Гермес. Сириец всеми голосами против одного.
Правда. Очевидно, какой-то ритор подал голос против.
33. Диалог, говори о том же. Вы же судьи, останьтесь; вы получите двойную плату за две тяжбы.
Диалог. Я, судьи, не хотел бы надолго затянуть речь перед вами, но желаю быть кратким, по своему обыкновению. Все же я, как принято на суде, произнесу свою обвинительную речь, хотя совершенно несведущ и не имею опыта в этом деле. Пусть эти слова послужат вступлением моей речи к вам. Потерпел же я обиду и издевательство со стороны этого человека вот в чем.
До сих пор мое внимание было обращено на возвышенное: я размышлял о богах, о природе, о круговращении вселенной и витал где-то высоко над облаками, где великий Зевс, правя крылатой колесницей, несется в небесах.277 А сириец стащил меня оттуда, когда я уже направлял полет к своду мироздания и всходил на поверхность неба, он сломал мои крылья и заставил меня жить так же, как живет толпа. Он отнял трагическую и трезвую маску и надел на меня вместо нее другую, комическую и сатирическую, почти смешную. Затем он с той же целью ввел в меня насмешку, ямб,278 речи киников, слова Евполида и Аристофана — людей, которые в состоянии придраться ко всему достойному почитания и высмеивать то, что является правильным. Наконец он выкопал и натравил на меня какого-то Мениппа, из числа древних киников, очень много лающего, как кажется; Менипп страшен, как настоящая собака, и кусается исподтишка, кусается он даже, когда смеется.

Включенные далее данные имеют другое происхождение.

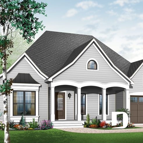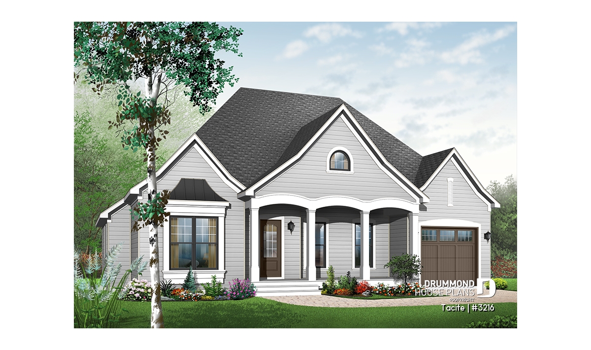 9 Ft ceiling, nice front porch which is sufficiently large, interesting foyer, triple garden doors in dining room, and rather comfortable bathroom.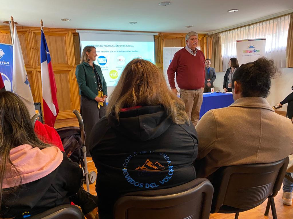 Representantes de aproximadamente mil 500 familias de Villarrica, postulantes a casa propia de más de 15 comités de viviendas, se reunieron esta semana, en la Municipalidad local, con la Seremi de Vivienda y Urbanismo, Ximena Sepúlveda; la encargada de la Unidad de Vivienda Municipal, Sandra Saravia y el alcalde de la comuna, Germán Vergara, con el objetivo de conocer -de forma más directa con las autoridades- sobre los pasos a seguir para postular a un subsidio habitacional.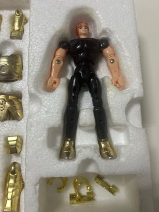 Set de armaduras doradas de los Caballeros del Zodiaco. bandai 1987 - Piezas metálicas doradas. - Incluye figura de personaje. - Accesorios de armadura.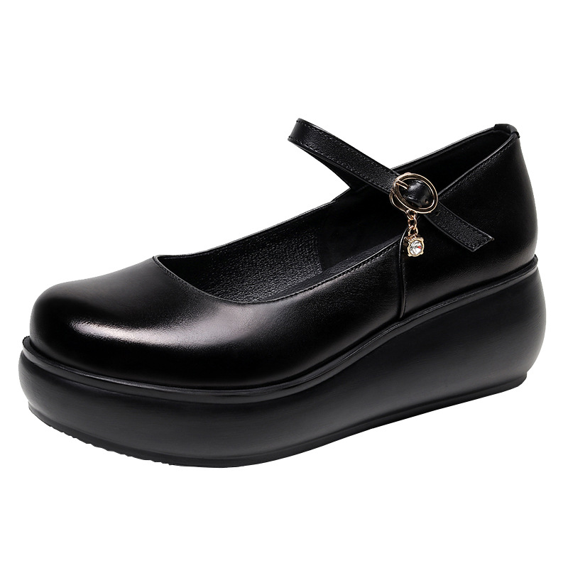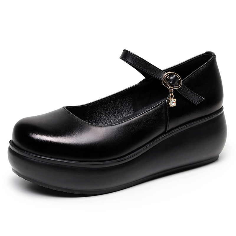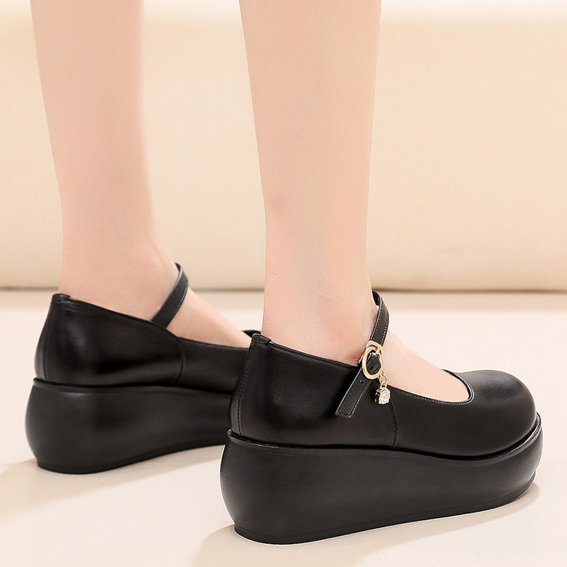 Breakj Breakj Skin Round Head Heel Slope And Shallow Mouth Single Shoes Waterproof Table Casual Leather Shoes Buckle With Loose Cake Thick-Soled Shoes Women Autumn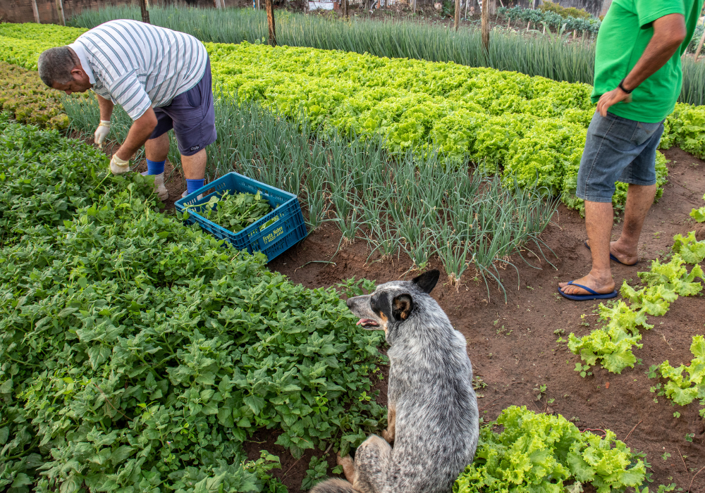 A family farmer harvests chives, lettuce and spinach in the state of São Paulo, Brazil. Photo by Alf Ribeiro.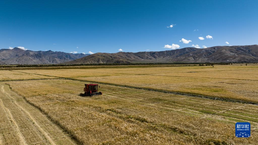 西藏日喀則市江孜縣熱索鄉(xiāng)努康村農(nóng)機(jī)合作社村民正在集中對村里三千多畝耕地進(jìn)行機(jī)械化收割(9月19日攝)。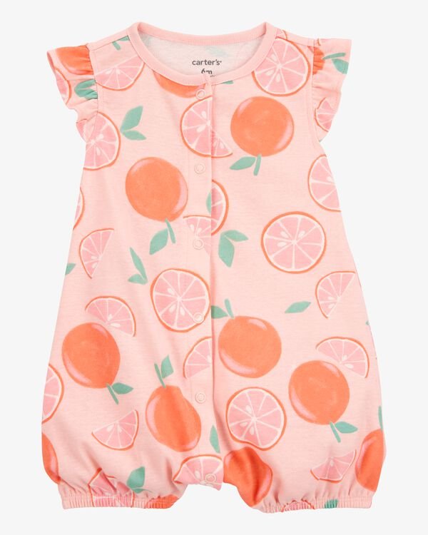ORANGE PRINT SNAP UP COTTON ROMPER
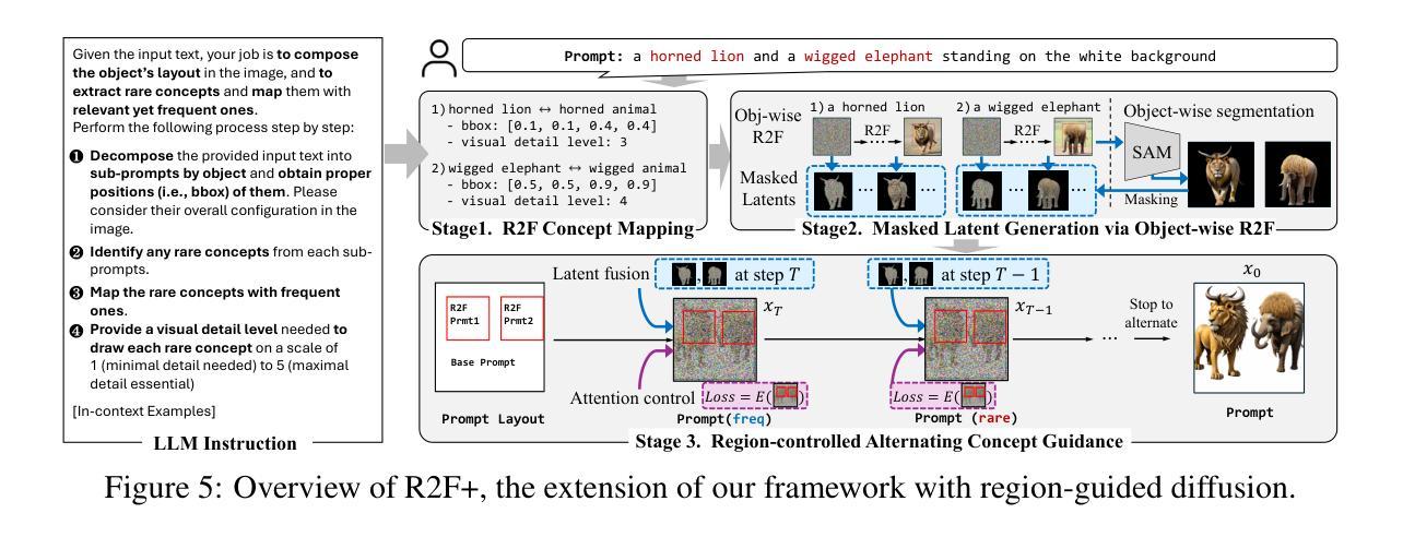 先进的文本到图像(T2I)扩散模型在生成罕见概念组合(例如具有不寻常属性的物体)时经常面临挑战。在本文中,我们展示了通过大型语言模型(LLM)的指导,可以显著增强扩散模型在这种罕见概念上的组合生成能力。我们从实证和理论分析开始,证明在扩散采样过程中暴露与目标罕见概念相关的频繁概念,可以产生更精确的概念组合。基于此,我们提出了一种无需训练的方法R2F,它利用LLM中丰富的语义知识,通过扩散推断,规划和执行从罕见到频繁的整体概念指导。我们的框架适用于任何预训练的扩散模型和LLM,并且可以与区域引导扩散方法无缝集成。在包括我们新提出的基准测试数据集RareBench在内的三个数据集上进行的大量实验表明,R2F在各种包含罕见概念组合的提示下,显著超越了SD3.0和FLUX模型,在T2I对齐方面的性能提高了高达28.1%。代码可在https://github.com/krafton-ai/Rare-to-Frequent找到。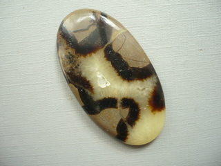 Velký kabošon septárie. Rozměry 47 x 26 x 6 mm. Vhodné pro cínování, obšívání... Septárie je známá jako Dračí kámen, původ Madagaskar. Kupujete tento konkrétní kus. Jde o přírodní kámen, není dobarvován.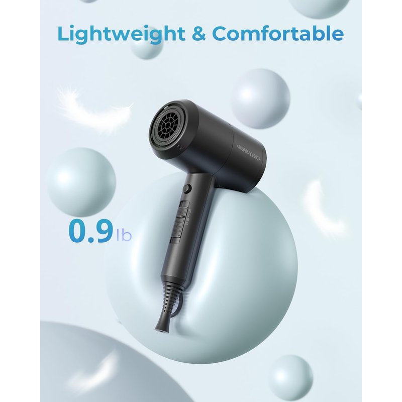SHRATE Lightweight Ionic Hair Dryer with Diffuser - Powerful 1800W Blow Dryer for Fast Drying - Professional Low Noise Mini Hair Dryer for Travel, Gifts, Hair Styling (Black)
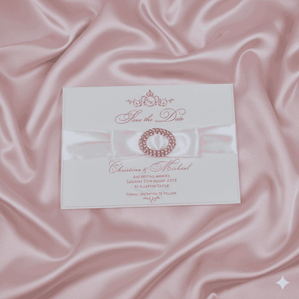 Ivory Silk Save the Date Card with Rhinestone Brooch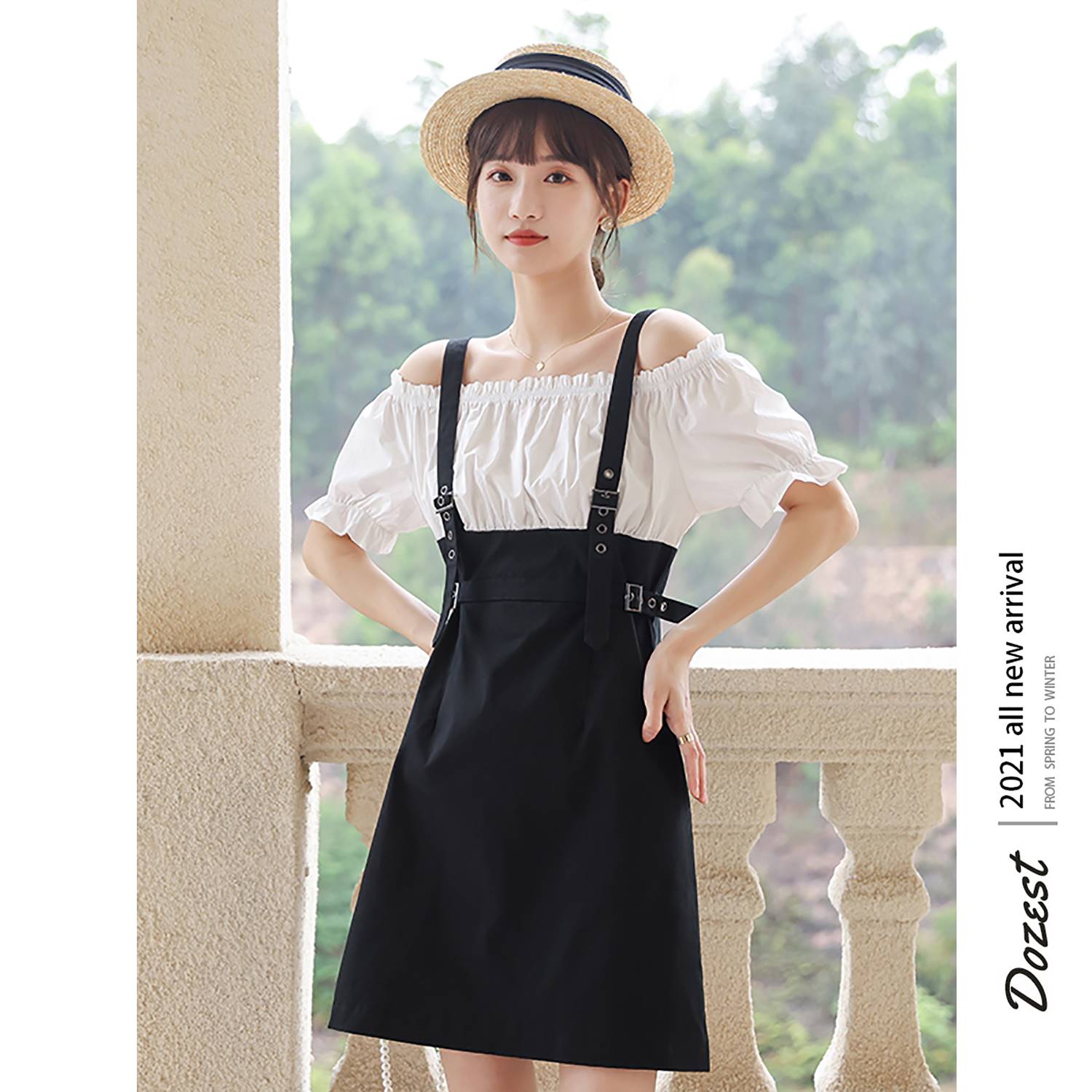 小清新假两件连衣裙女2021夏季新款吊带裙设计感一字领短袖A字裙热门设计联盟服务商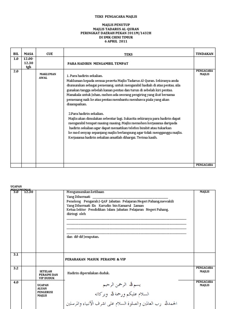 Teks pengacara majlis perhimpunan rasmi mingguan from image.slidesharecdn.com Yang berbahagia, encik yew kok leh, pengetua smk jalan mengkibol. Koleksi pantun majlis merupakan hasil rujukan daripada beberapa laman web dan ada yang telah diubahsuai mengikut kesesuaian majlis. Koleksi teks pengacara majlis yang amat berguna kepada para guru di sekolah. Sirih junjung berhias indah, sekacip pinang pembuka kata, bunga manggar kilau bercahaya, datang berkuunnjg ke majlis meriah, sejarah terukir nilai permata, lembaran sejarah kini bermula. Untuk makluman semua, teks pengacara majlis ini disediakan untuk majlis perpisahan mantan guru penolong kanan sekolah ieqa, sk temenggong abdul rahman 2. Faridah binti omar, penolong kanan pentadbiran, en. Dapatkan teks pengacara majlis di sini. Sesungguhnya kita hanya mampu merancang dan dialah yang menentukan segalanya.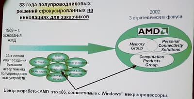 Разумеется, присутствующими были заданы некоторые вопросы о том, каким образом будут развиваться технологии AMD для рынка карманных ПК и беспроводных устройств и интерфейсов. Чтобы не отклоняться от рассказа о теме пресс-конференции, пообещаю, что, по крайней мере, в наших новостях, обязательно будет размещена информация об этих направлениях.

Разве надо мной не совершили страшного издевательства, не оставив меня в обычном моем виде и заставляя разыгрывать комедии, шутки и представления странного содержания? Но самое необычайное — это то, что я теперь представляю какую-то смесь, которую никак понять нельзя: я не говорю ни прозой, ни стихами, но, наподобие гиппокентавров, кажусь слушателям каким-то составным и чуждым явлением.
34. Гермес. Что же ты на это ответишь, сириец?
Сириец. В этом состязании, судьи, я выступаю против ожидания. Я предполагал все, только не то, что Диалог будет говорить про меня такие вещи. Когда я взял его к себе, он многим еще казался мрачным и иссушенным постоянными вопросами. И хотя благодаря этому он казался достойным уважения, однако он был далеко не во всех отношениях приятен и не пользовался расположением общества. Первым делом я научил его ходить по земле, по-человечески, затем я смыл с него сухость, которой он обладал в значительной степени, заставил его улыбаться и этим сделал его более приятным на вид. Вдобавок я присоединил к нему комедию и этим снискал ему расположение слушателей, которые раньше, остерегаясь колючек, которыми он был покрыт, боялись брать его в руки, как ежа. Но я знаю, что огорчает его больше всего — то, что я не сижу с ним и не разбираю мелкие и тонкие вопросы: бессмертна ли душа? сколько мер несмешанного и существующего в себе бытия влил бог в сосуд, где было смешано все, когда он устанавливал порядок мироздания? не является ли риторика отображением частицы государственной науки и четвертой части лести?279 Диалог несказанно радуется разбору этих тонкостей, подобно тому как люди, больные сыпью, охотно чешутся.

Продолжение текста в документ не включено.